RIP: Maurice Cowling
Cowling argued that
liberalism as a political creed was not about
freedom and choice, but about intolerance and priggery. He regarded it as his
life's work to subvert what he called the "rancid solemnities" of the post-war
liberal consensus and its intellectual antecedents.
His popularity [in Cambridge] owed much to his idiosyncratic and irreverent
style.
He often conducted supervisions dressed in a green dressing-gown; about
favoured undergraduates he would say, "Ah, he's evil", and he was endlessly
indulgent of their youthful foibles.
Maurice Cowling
(Filed: 26/08/2005)
Maurice Cowling, the historian and Fellow of Peterhouse,
Cambridge, who died on Wednesday aged 78, was a leading political historian of
the England of the 19th and 20th centuries; he was also a scourge of liberalism,
and was often credited with being a major influence on Margaret Thatcher.
Cowling argued that liberalism as a political creed was not about
freedom and choice, but about intolerance and priggery.

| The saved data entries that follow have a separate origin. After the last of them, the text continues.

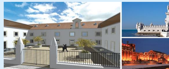
CS Palace Lisboa Hotel Eröffnung Sommer 2011
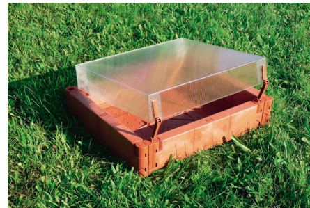
SLIKA 12. Gredica za balkone i terase

(slika 12). Gredica je napravljena od 100 %-tnog reciklata PE-HD-a od čepova za boce. Poklopac je načinjen od polikarbonata. Budući da je gredica toplinski izolirana, može služiti za priplod, odnosno bez poklopca kao minivrt za balkon ili terasu za povrće ili cvijeće u ljetnim mjesecima. Gredica može biti veličine 60 - 70 cm i visine 27 cm.
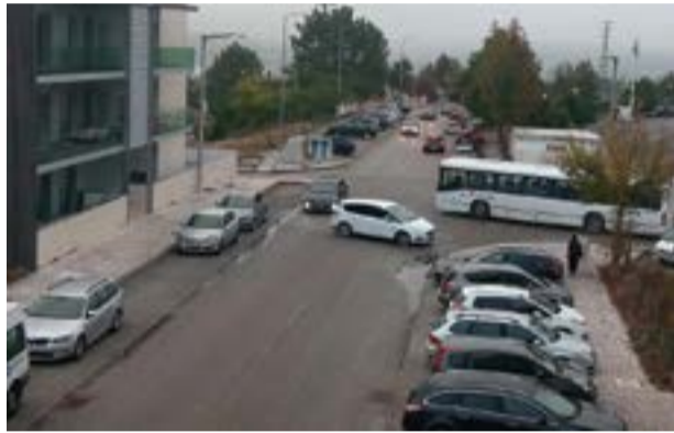
• Falta de passagens para peões preocupa população na Urbanização Mirante do Valbom, na Charneca.

Também outra moradora, e mãe de um aluno, “que está a frequentar pela primeira vez” aquele estabelecimento de ensino re-
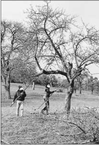
Ein Tag für Weilheim - Gemeinsam für unsere Obstwiesen.

In dieser letzten Schnittsaison der Förderungsperiode 21-25 sollten alle Bäume, die bisher nur einmal geschnitten wurden, ein zweites Mal schneiden.
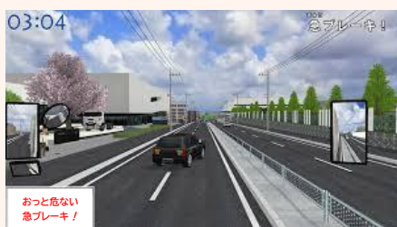
エコ&安全ドライブを実体験

エコカーの普及はここ数年で急速に伸びており、ハイブリッド車は毎年100万台ずつ、又、近年では電気自動車も急増しています。購入の時には積極的にエコカーを！
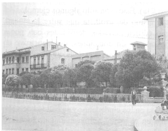
Figura 5: Otra imagen del Paseo de Pamplona antes de su remodelación (Fuente: Ramírez, Jesús María, "Una aproximación a la historia del urbanismo de Tudela", Revista del Centro de estudios Merindad de Tudela , 2005).
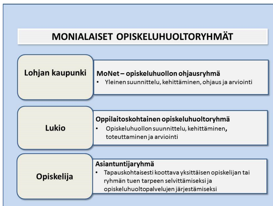
Kuva 4. Monialaiset opiskeluhooltoryhmät

Lohjan kaupunki on asettanut opiskeluhoollon ohjausryhmän (MoNet) ja määrittää, keitä oppilaitoskohtaiseen opiskeluhooltoryhmään kuuluu. Yksittäistä opiskelijaa koskevat asiat käsitellään tapauskohtaisesti koottavissa asiantuntijaryhmissä, joiden kokoonpano muotoutuu tilanteen mukaan. Kaikki opiskeluhooltoryhmät ovat monialaisia siten, että ryhmässä on mukana opetushenkilöstöä, opiskeluterveydenhuoltoa sekä psykologi- ja kuraattoripalveluja edustavia jäseniä. Jokaisella kolmella ryhmällä on omat tehtävänsä ja niiden perusteella määräytyvä kokoonpano.
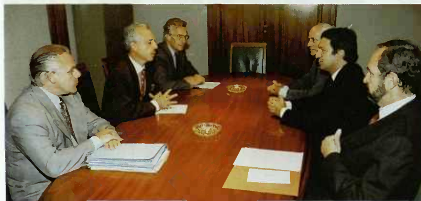
Entrevue Fischbach-Barroso au Ministère de l'Education nationale
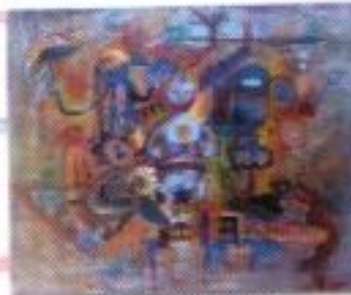
Undang Adi Surya "Aku Bersama Imaji" Mix Media on Canvas 70cm x 50cm
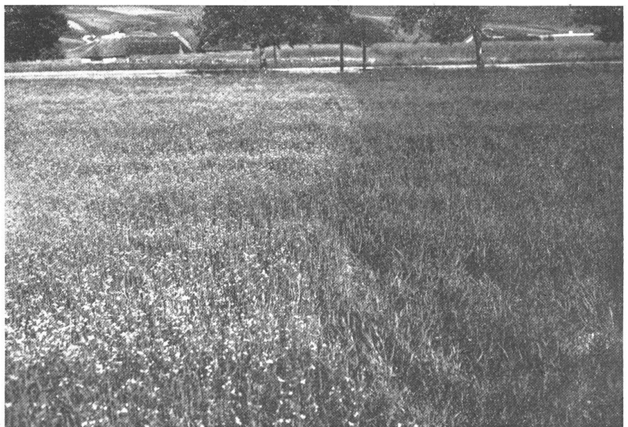
Abb. 1. Ein interessanter Versuch: Ein mit Hederich verseuchtes Haferfeld im oberösterreichischen Mühlviertel, dessen rechte Hälfte mit Dicopur gespritzt wurde. Der Hederich ist aus dem Feldbestand verschwunden. Links sieht man die unbehandelte Fläche. Der Hederich steht dort in voller Blüte

Bei näherer Untersuchung zahlreicher, den pflanzeneigenen Hormonen verwandter Stoffe zeigte es sich, daß bei Anwendung eines dieser synthetischen Wuchsstoffe, der 2,4-Dichlorphenoxyessigsäure (2,4-D), nur bei gewissen Pflanzen die oben beschriebenen Auswirkungen eintraten. Diese „selektive“ Wirkung von 2,4-D ermöglichte es, Getreidefelder, Wiesen und Almen vom Unkraut zu befreien. Während die zweikeimblättrigen (dikotylen) Pflanzen, zu welchen die häufigsten Unkräuter zählen, durch Versprühung von „Dicopur“, dem neuartigen Hormonpräparat auf 2,4-D-Basis, welches die Linzer Stickstoffwerke herstellen, sich „zu Tode atmen“, bleiben die Getreidepflanzen und Gräser ohne jede Schädigung. Die rechtzeitige Unkrautbekämpfung im Getreidebau sichert den Kulturpflanzen eine reichliche Versorgung mit den im Boden vorhandenen Nährstoffen und verhindert den Lichtentzug durch die auf Kosten der Getreidepflanzen lebenden Un-
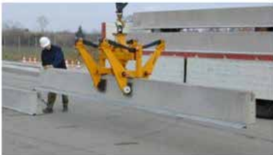
Montering med gripare för skyddsbarriärer

För hantering av DELTABLOC®-elementen används en gripare för skyddsbarriärer av betong tillsammans med en kran eller gaffeltruck.
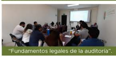
"Fundamentos legales de la auditoría".
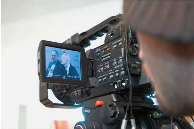
▽Im Fokus: Pierre de Meuron, Jacques Herzog.
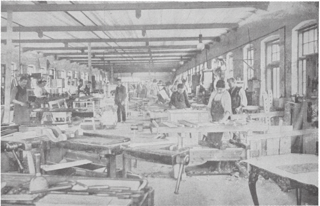
Interieur fra snedkerværkstedet.

dan videre, det hørte med til opdragelsen, og selv ofrene fandt vist denne tingenes tilstand som værende naturlig.
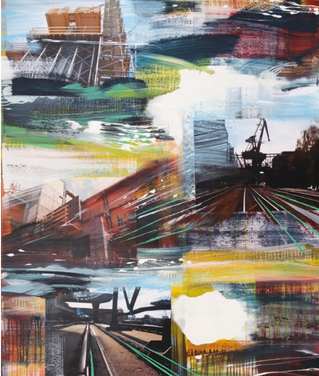
Hafenkran | WVZ: 1247 120 x 100 cm, 2015 Acryl, Spray, Fotografie auf Leinwand
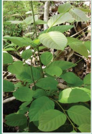
၁၁၇. မးနးထုဉ်
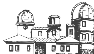
Slovenská ústredná hviezdáreň v Hurbanove

Slovenská Astronomická Spoločnosť pri Slovenskej akadémii vied
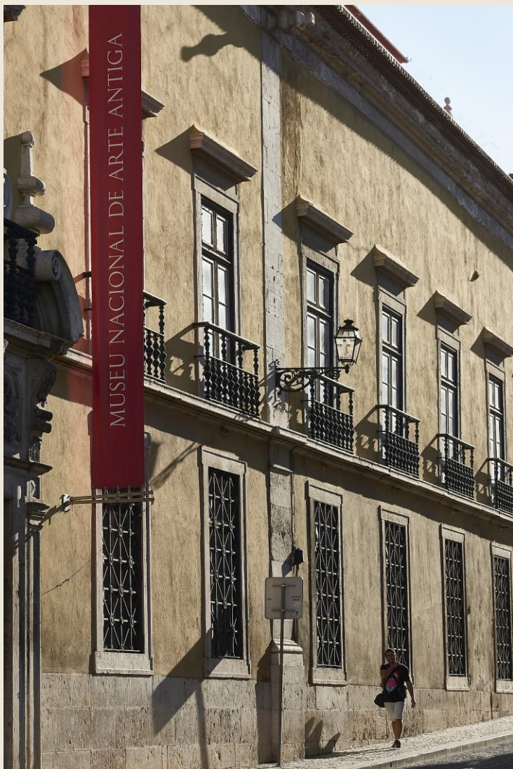
Museu Nacional de Arte Antiga, Lisszabon
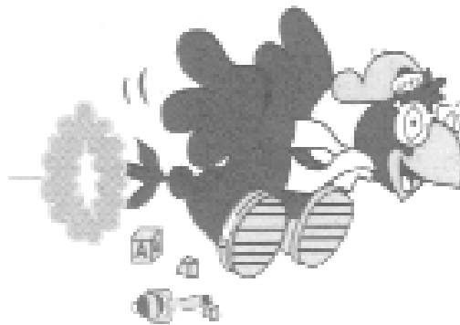
PLATE FORME PÉDAGOGIQUE CPE La Girouette inc.

Dernières modifications apportées : décembre 2011 Dernières modifications apportées : janvier 2010 Dernières modifications apportées : août 2002 Créé le : juin 2002
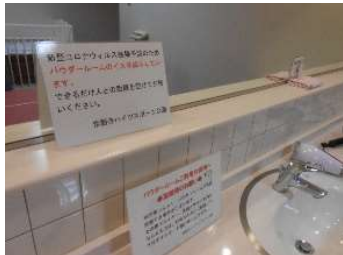
●脱衣場の洗面所の告知
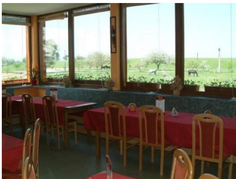
Obr. 5: Restaurace Suchá s možností pozorování koní (zdroj: www.stajmanon.cz )
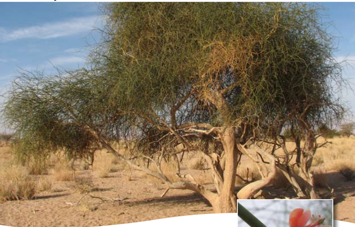
Capparis decidua (Forssk.) Edgew. ■
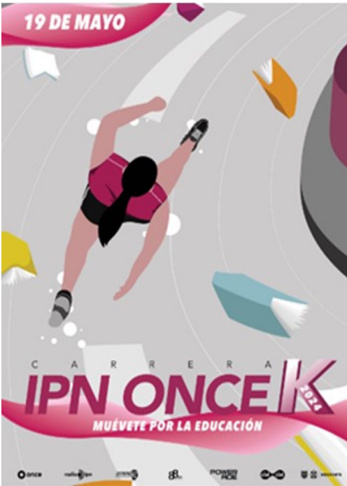
Flyer de convocatoria Carrera OnceK 2024.

Participación de la DAD en la realización de la tradicional carrera OnceK.
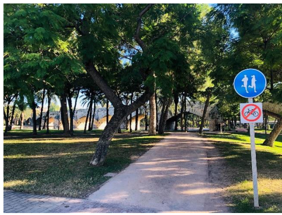
Löparspår i Turia parken

Under min utbytestermin var jag även iväg på två resor med organisationen ”Happy Erasmus”. Jag åkte till Marocko och Ibiza, mycket billigare än om man hade rest själv från Sverige då de får mängdrabatt på resorna. De har både längre resor men även dagsutflykter och är ett perfekt sätt att lära känna nya människor på! Alla är vänliga och nyfikna på att lära känna människor från andra länder och man lär känna vänner från världens alla hörn!
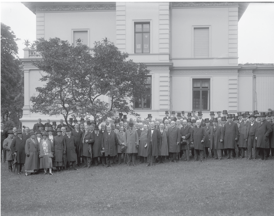
Der Museumsverein bei der Einweihung des Helms-Museums 1925 vor der Villa an der Buxtehuder Straße.
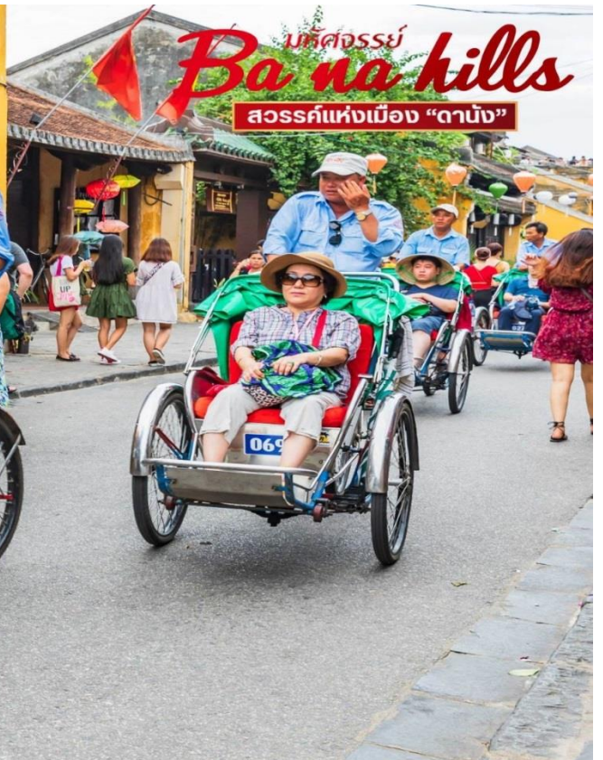
มัทคองส์ Ba na hills สวรรค์แห่งเมือง "ดานัง"

เที่ยง 🍽️ บริการอาหารกลางวัน ณ ภัตตาคาร (SEA FOOD)
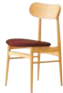
A 5N レザー・B-25 (No4)

張地ランク A 25,700 B 26,100 C 26,500 D 26,700 S 27,600 L 28,700 H 29,700
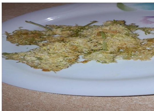
Slika 5. Cvjetovi bazge
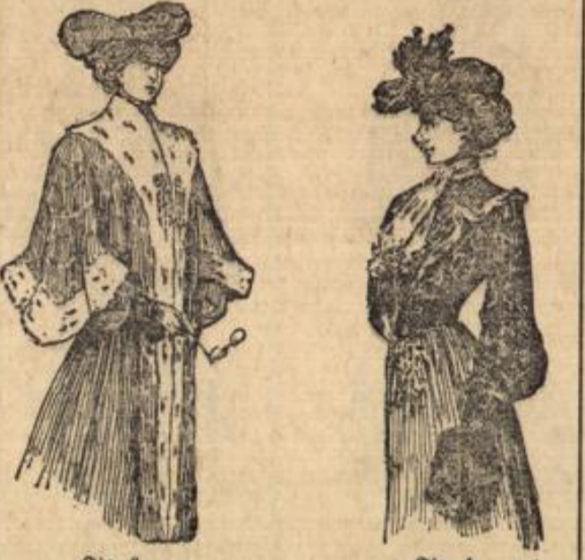
Fig. 3. Fig. 4.

Die Muffe sind entgegen allen Prophezelungen nicht viel größer geworden. Elegante Muffe und Hüte, beson-
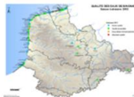
Carte : qualité des eaux de baignades – saison balnéaire 2012
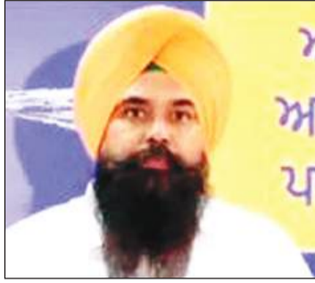
सत्यापन करवाना व्यावहारिक रूप से कठिन है।

का अहम हिस्सा है। कनाडा, ब्रिटेन, ऑस्ट्रेलिया, अमेरिका, इटली और खाड़ी देशों में बसे पंजाबी लगातार अपने गांवों और परिवारों से जुड़े रहते हैं। वे राज्य में निवेश करने के साथ-साथ परिवारों की आर्थिक मदद भी करते हैं। उन्होंने चुनाव आयोग को भेजे पत्र में कहा कि मतदाता सूची को पारदर्शी और त्रुटिहीन बनाना जरूरी है, लेकिन प्रक्रिया इतनी कठोर नहीं होनी चाहिए कि वास्तविक मतदाता ही अपने अधिकार से वंचित हो जाएं। विदेशों में रहने वाले लोगों के लिए कम समय में व्यक्तिगत रूप से उपस्थित होकर
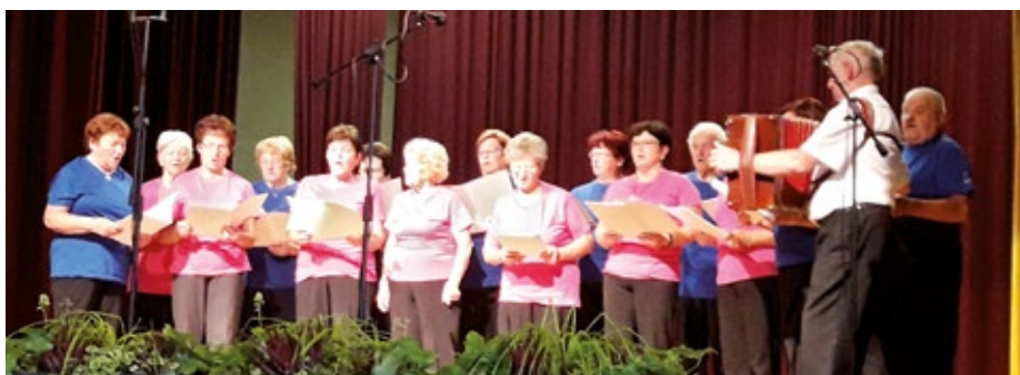
Pevska skupina DU Bukovica – Šinkov Turn.

Po končani prireditvi se je voditelj zahvalil Občini Vodice in gospodu županu za odobrena finančna sredstva in povabil vse navzoče na druženje. Nedeljsko popoldne se je zaključilo nadvse prijetno.
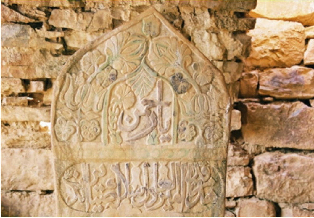
Fotoğraf 7: Derzin Kalesi, I. Türbedeki Muhammed Halef Bey'in Baş Şahidesi (A. Boran'dan)
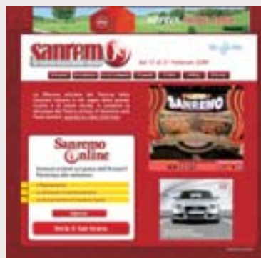
attenzione: immagini a titolo esemplificativo
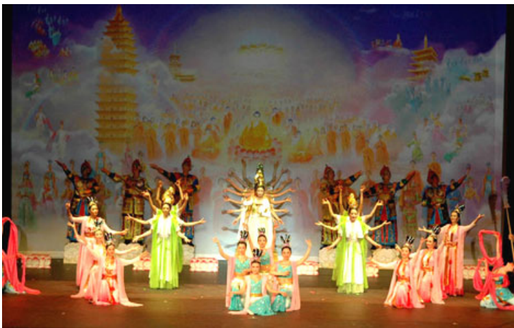
《归位》：讲述了善恶有报的天理
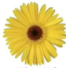
Yellow with Eye
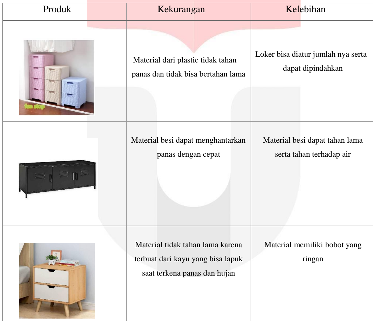
Tabel 4.1 (Komparasi Material)
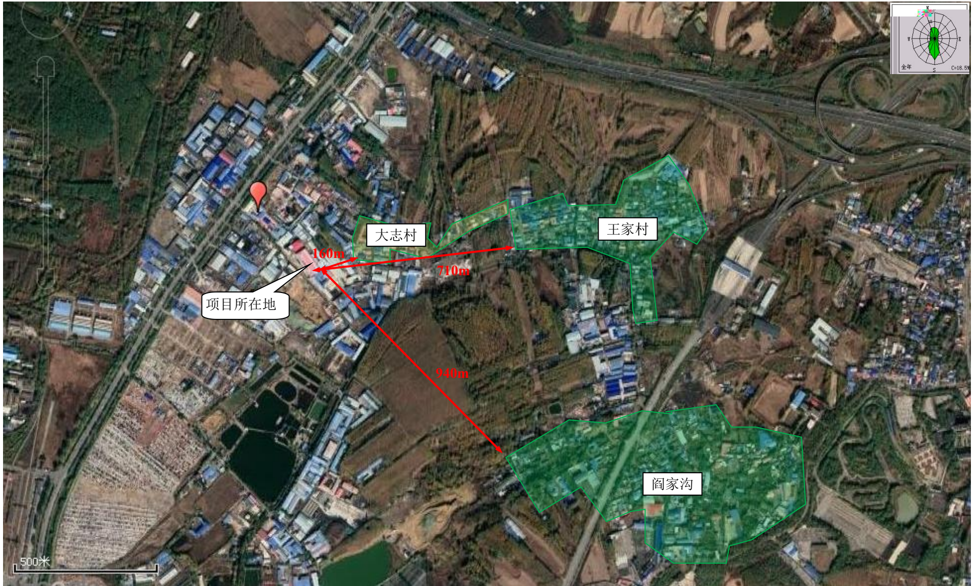
附图3 项目四周敏感目标分布图（比例尺 1:500）

He regarded it as his
life's work to subvert what he called the "rancid solemnities" of the post-war
liberal consensus and its intellectual antecedents.
In Mill and Liberalism (1963) he argued that the true intention
of the liberal philosopher John Stuart Mill was to impose a secular religion to
replace Christianity and that, far from his being an apostle of liberty, Mill's
real aim was totalitarian - to use the state to force-feed everyone with the
dictates of an elitist secular morality.
Cowling's analysis provoked outrage among Mill's defenders and
among liberal intellectuals. So it was hardly surprising that they credited him
with being the eminence grise behind a political leader who demonstrated a
similar distaste for their views. But though Cowling supported her leadership of
the Conservative Party, Margaret Thatcher's ideological brand of Toryism was in
many ways anathema to him.
To Cowling, politics was not about principles but was a game in
which the players are motivated at best by party interest and at worst by
self-interest. In "high politics" (Cowling's phrase) the participants secure
advantage not by espousing the right policies, but by making "corners for
themselves" or finding a "range of rhetoric appropriate to the
circumstances".
In The Nature and Limits of Political Science (1963), Cowling set
out to demonstrate that both political science and political philosophy are
irrelevant to the practice of politics, and argued that too much philosophising
could be an impediment to political action.
He believed that the strength of Conservatism lay not in any
particular set of principles, but in its appeal to a "combination of unashamed
materialism and disbelieving scepticism about the power of political parties to
give effect to Utopia".
To Cowling, the strength of Thatcherism lay not in its "mad-monk
Hayekianism which ignored the constraints of practicality" but in its desire to
"shift the post-war consensus and a populist language". In other words, Mrs
Thatcher succeeded not because her ideas were right, but because "there was a
public sentiment to respond to and she and others had a bag of tricks and a set
of policies to respond".
As an analysis which excluded any concept of public duty,
conviction and good faith, it was not calculated to appeal to Margaret Thatcher
herself or to what Cowling once described as "the intellectual mafia of
ex-communists" who surrounded her during her early years as leader.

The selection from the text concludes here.